Mechanical test of configuration 2.
Results of the test of configuration 2.
The deflection obtained for 40 N load was 8.04 mm, while the result according to the FEA simulations was 5.94 mm. After several subsequent tests with standard flexural samples, it was observed that the main cause of this difference was the loss of material property during the programming stage. The large displacements and strains applied in the L-shape programming led to delamination process (Fig. 19), reducing the properties of the sample. Further, tests revealed that the loss of stiffness was around 20% after the shape programming was applied. On the other hand, it was observed that the ratio between the displacement in configuration 1 and 2 was 1.4, for both simulations and experimental results, which confirmed that the difference between the experimental and simulation results is related to this loss of property. Therefore, if the material definition is properly fitted according to the real properties of the programmed material, the proposed optimization algorithm can be successfully applied to optimize the weight of the 4D part.

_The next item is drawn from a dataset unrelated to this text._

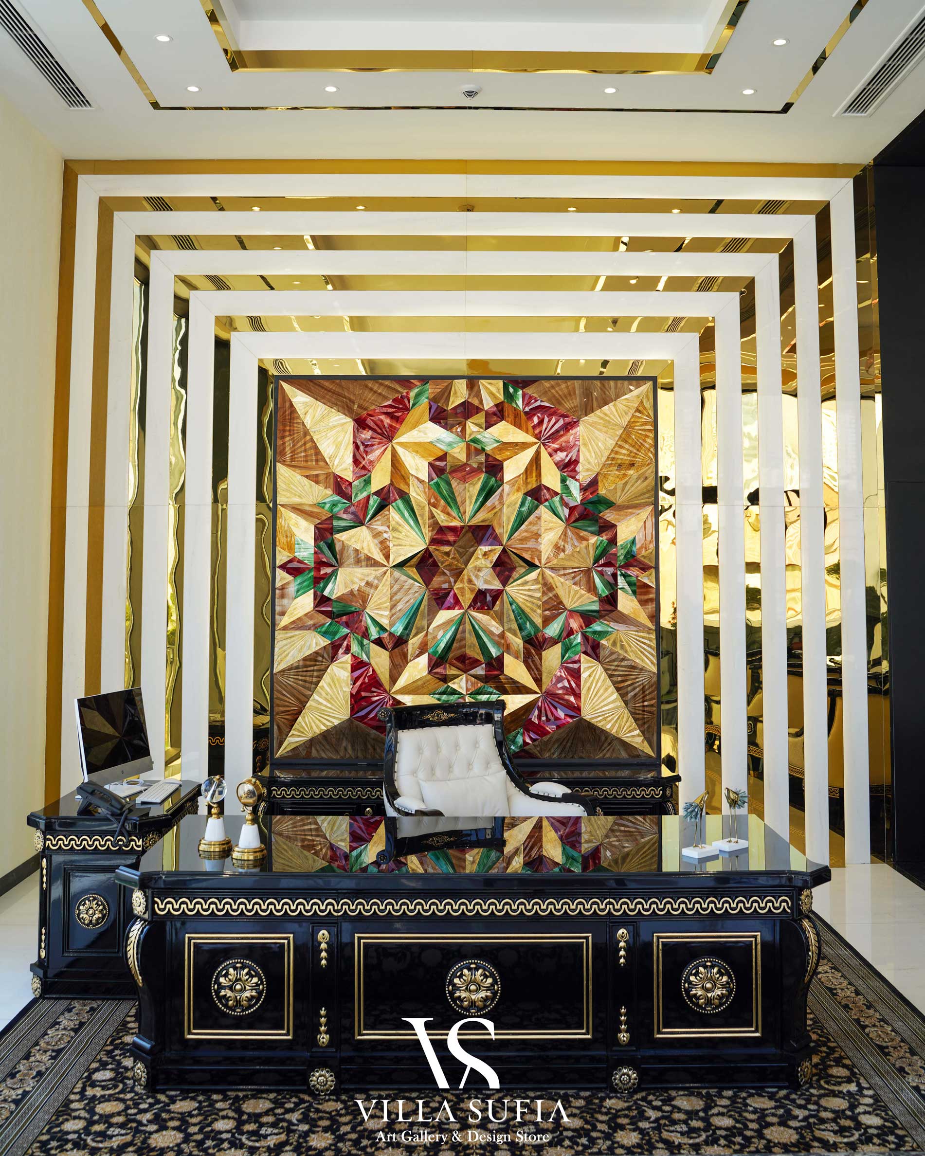 Villasufia can produce any design that has been asked, and due to the reasonable cost of production in Iran, this capability has become more and more justifiable. Being able to create with a variety of materials such as fiber, wood, metal in line with modern technology like 3D printing, Villasufia can design and produce all interior objects including furniture, chandeliers, carpets, wallpaper, pianos, billiard tables, etc., not needing ready-made ones, which allow Villasufia to have no design restrictions.

Sample delaminated in the deformed zone during the programming stage.
The design methodology proposes a novel light- weight parametric optimization of shape memory parts taking into account both shapes of the design (programmed and original shapes). This tool, which was implemented in a commercial 3D CAD and FEA software, can be effectively used to optimize the weight and consequentially reduce material and manufacturing costs, but yet ensuring that the minimal mechanical requirements is maintained for both states of the shape memory part (programmed and original shapes). Through the use of this algorithm, users will be able to optimize a design that has different shapes with different boundary conditions and requirements to fulfill the mechanical requirements needed in both instances. This approach of optimization was developed further by automating the work flow which would encourage and promoted the uptake of 4D printing.

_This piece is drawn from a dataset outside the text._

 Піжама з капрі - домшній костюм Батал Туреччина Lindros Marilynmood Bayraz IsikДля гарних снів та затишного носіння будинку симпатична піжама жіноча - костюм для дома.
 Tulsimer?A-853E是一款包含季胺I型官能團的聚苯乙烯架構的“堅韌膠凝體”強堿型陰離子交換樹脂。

While this paper focuses on 2 different configurations, the algorithm is capable of handling many more configurations as desired. This tool can be very powerful to model several situations involved in the shape recovery. For example, a third configuration could be defined with an appropriate configuration and associated Finite Element Analysis conducted to examine whether the part is able to recover under certain boundary conditions. Therefore, this optimization algorithm optimizes the design variables according to the mechanical requirements needed in the programmed and original shapes, and also optimizes the design variables to achieve the shape recovery force needed during the recovery process. If the recovery process is to be analyzed in detail, it can be discretized in different steps related to different configurations, each of which represents a different situation/shape during the recovery. On the other hand, some shape memory materials can retain 3 different shapes and a third configuration could also be very useful. Further research will be carried out to investigate more complex geometries and bending methods. In the case of very complex 4D products, the computer processing time may be too high. As multi-core CPUs and GPUs become more available with higher performance and lower cost, this methodology could be accelerated [2, 11, 43]. Although SolidWorks was used due to the availability of the flex feature and the configurations module, more advanced FEA software such as Abaqus could also be investigated to allow the simulation of more complex parts and include acceleration techniques.
This proposed methodology can be applied in many different sectors such as medical, automotive, toy, furniture, interior design, textile or telecommunications. The capabilities of 4D printing combined with this methodology have the potential to become useful in areas of high-value engineering [36].